Después se empezó a poner ropa de mujer y salía con algunas de sus amigas.
Todo eso, claro, a escondidas de sus papás. Cuando se ponía pantalones
ajustados era horrible. Me jalaba hasta atrás, me aprisionaba y luego ponía una
prenda súper ajustada que no me permitía el menor movimiento.
Un buen día, poco antes de que María entrara a la universidad, sus papás la
descubrieron vestida con ropas de mujer. Su padre le gritó y la insultó, pero su
mamá, cariñosa, se acercó para preguntarle por qué lo hacía. María le contó
que siempre se había sentido una mujer y que disfrutaba mucho cuando se
veía al espejo como una mujer. Juntas, María y su mamá buscaron ayuda con
especialistas. Un sexólogo les habló de la transexualidad, le dijo a María que
se olvidara de las dosis de hormonas que estaba tomando y le recomendó algo
menos agresivo. Tranquilizó a su mamá al decirle que eso no era ninguna
enfermedad y que si le brindaba todo su apoyo y su cariño iba a lograr que
María se desarrollara como cualquier ser humano, con derecho a la libertad y a
la felicidad. Yo volví a sobresaltarme cuando María le preguntó al sexólogo
como cuánto costaría la operación para “cambiar de sexo”; así le dijo, pero yo
supe perfectamente a qué se refería. Me tranquilicé cuando el sexólogo le dijo
que, en primer lugar, no es un cambio de sexo sino, en todo caso, una
reasignación sexual ya que el sexo va mucho más allá de los genitales, y que
lo importante, por lo pronto, era que María pudiera expresarse libremente en el
género con el que se identifica, es decir, como una mujer. Y en segundo lugar
que para pensar en ese tipo de operaciones tendría que esperar a que pasaran
por lo menos dos años viviendo como mujer las 24 horas del día. Qué alivio.
En cuanto salió de la prepa, María comenzó a vivir como mujer con el apoyo de
su mamá y de su papá que, a regañadientes, pero poniendo el cariño por
delante, terminó por aceptar a su hija. Fue tanto su apoyo, que el papá habló
con unas amistades que tenía en la universidad para que le permitieran a María
asistir a clases como una mujer.
Se cumplieron los dos años. María volvió con el sexólogo y yo, por supuesto,
muerto de miedo. El sexólogo le habló de los riesgos, de lo dolorosa que era la
recuperación post operatoria y de que no siempre la nueva vagina tenía la
sensibilidad suficiente como para disfrutar a plenitud de los placeres del
erotismo.
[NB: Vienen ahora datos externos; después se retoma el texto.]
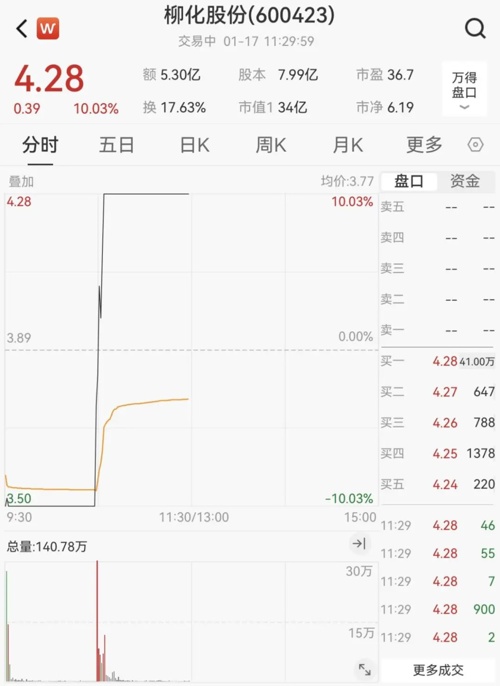 柳化股份盘中直线拉升封涨停,上演“地天板”,录得5天4板。

María, sin embargo, seguía firme en su decisión.
Por esos días María asistió a un evento en donde especialistas daban pláticas
y conferencias acerca de la diversidad sexual. Le llamó mucho la atención la
charla que dio una mujer transexual en donde dijo que muchas veces la
sociedad nos vende la falsa idea de que, para ser mujeres, necesitamos
ajustarnos a los patrones establecidos y llegamos al extremo de mutilar nuestro
cuerpo con la creencia de que sólo con una vagina podremos ser auténticas
mujeres. María y esta mujer platicaron un buen rato después de la charla.
Esa noche me sentí el pene más feliz del mundo. María se desnudó frente al
espejo... y me miró. Y no sólo me miró, me comenzó a hablar y me comenzó a
tocar. Y me pidió perdón por haber querido deshacerse de mí y por haberme
odiado injustamente. Y me dijo que la solución no estaba en castrarse, sino en
acabar con la castración mental de la sociedad que no acaba de entender que
ser hombre o ser mujer no es algo que pase por la genitalidad. A partir de ese
momento, María se sintió feliz y orgullosa de su cuerpo, así como se sentía
feliz y orgullosa de su género. Y yo, por supuesto, queriendo mucho a esta
bella mujer que dejó de avergonzarse por mi causa.
Ah, se me olvidaba decir que con el dinero que María había ahorrado para la
operación, se compró un cochecito y se le puede ver, feliz y contenta, por las
calles de la ciudad sintiéndose más libre que nunca.